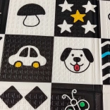 - Oboustranné: barevná abeceda (DE) / černo-bílé kontrastní motivy
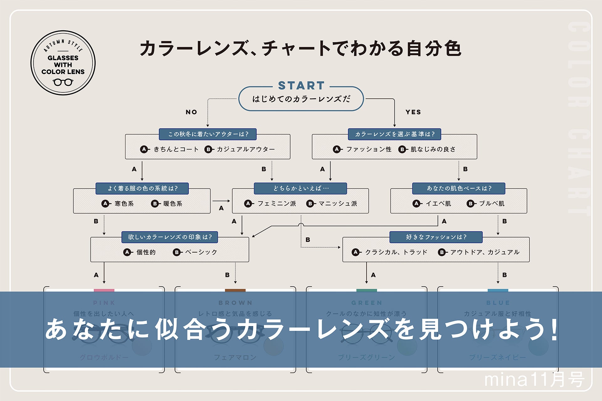 秋服に似合うカラーレンズを探して。「mina. 2023年11月号」にて似合うメガネがわかるチャート診断公開中!
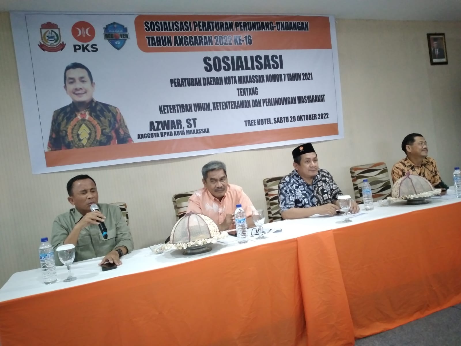 Online24, Makassar – Anggota DPRD Kota Makassar, Azwar menggelar Sosialisasi Peraturan Daerah (Perda) nomor 7 tahun 2021 tentang Ketertiban Umum, Ketentraman dan Perlindungan Masyarakat di Hotel Tree, Sabtu (29/10/2022).
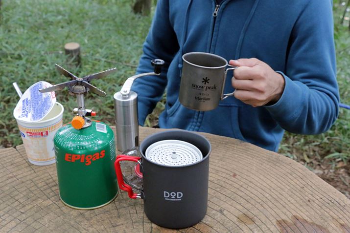筆者の想像とはまったく異なるグッズだと気付いた時には、正直、テンションがだだ下がりになりました。普通のクッカーとコーヒーミル、ストレーナーがワンセットになっただけなので、何も語ることはない、感動なんてないよ……と思ったほどです。しかし、一連の流れを体験してみると意外とアウトドアライフを満喫している自分が! なによりも一番楽しかったのは、コーヒーを淹れる工程。手挽きスタイルがたまらないし、出具合を自分で調整するパーコレーターも玄人っぽい。友達と一緒なら、このコーヒーの淹れ方はドヤ顔できそう。ただ、ウリである“ラーメンを作ったあとにコーヒーが味わえる”は、袋麺だと実現できず。クッカーが汚れてしまいますからね。少々つっこみどころはありますが、アウトドアグッズとしての個々の性能は上々ですし、トータル4,000円ならアリじゃないでしょうか!

What you have to do —
Retype all of the data above word for word, excluding the pictures.

Solution to the problem —
 - Oboustranné: barevná abeceda (DE) / černo-bílé kontrastní motivy
 秋服に似合うカラーレンズを探して。「mina. 2023年11月号」にて似合うメガネがわかるチャート診断公開中!
 Online24, Makassar – Anggota DPRD Kota Makassar, Azwar menggelar Sosialisasi Peraturan Daerah (Perda) nomor 7 tahun 2021 tentang Ketertiban Umum, Ketentraman dan Perlindungan Masyarakat di Hotel Tree, Sabtu (29/10/2022).
筆者の想像とはまったく異なるグッズだと気付いた時には、正直、テンションがだだ下がりになりました。普通のクッカーとコーヒーミル、ストレーナーがワンセットになっただけなので、何も語ることはない、感動なんてないよ……と思ったほどです。しかし、一連の流れを体験してみると意外とアウトドアライフを満喫している自分が! なによりも一番楽しかったのは、コーヒーを淹れる工程。手挽きスタイルがたまらないし、出具合を自分で調整するパーコレーターも玄人っぽい。友達と一緒なら、このコーヒーの淹れ方はドヤ顔できそう。ただ、ウリである“ラーメンを作ったあとにコーヒーが味わえる”は、袋麺だと実現できず。クッカーが汚れてしまいますからね。少々つっこみどころはありますが、アウトドアグッズとしての個々の性能は上々ですし、トータル4,000円ならアリじゃないでしょうか!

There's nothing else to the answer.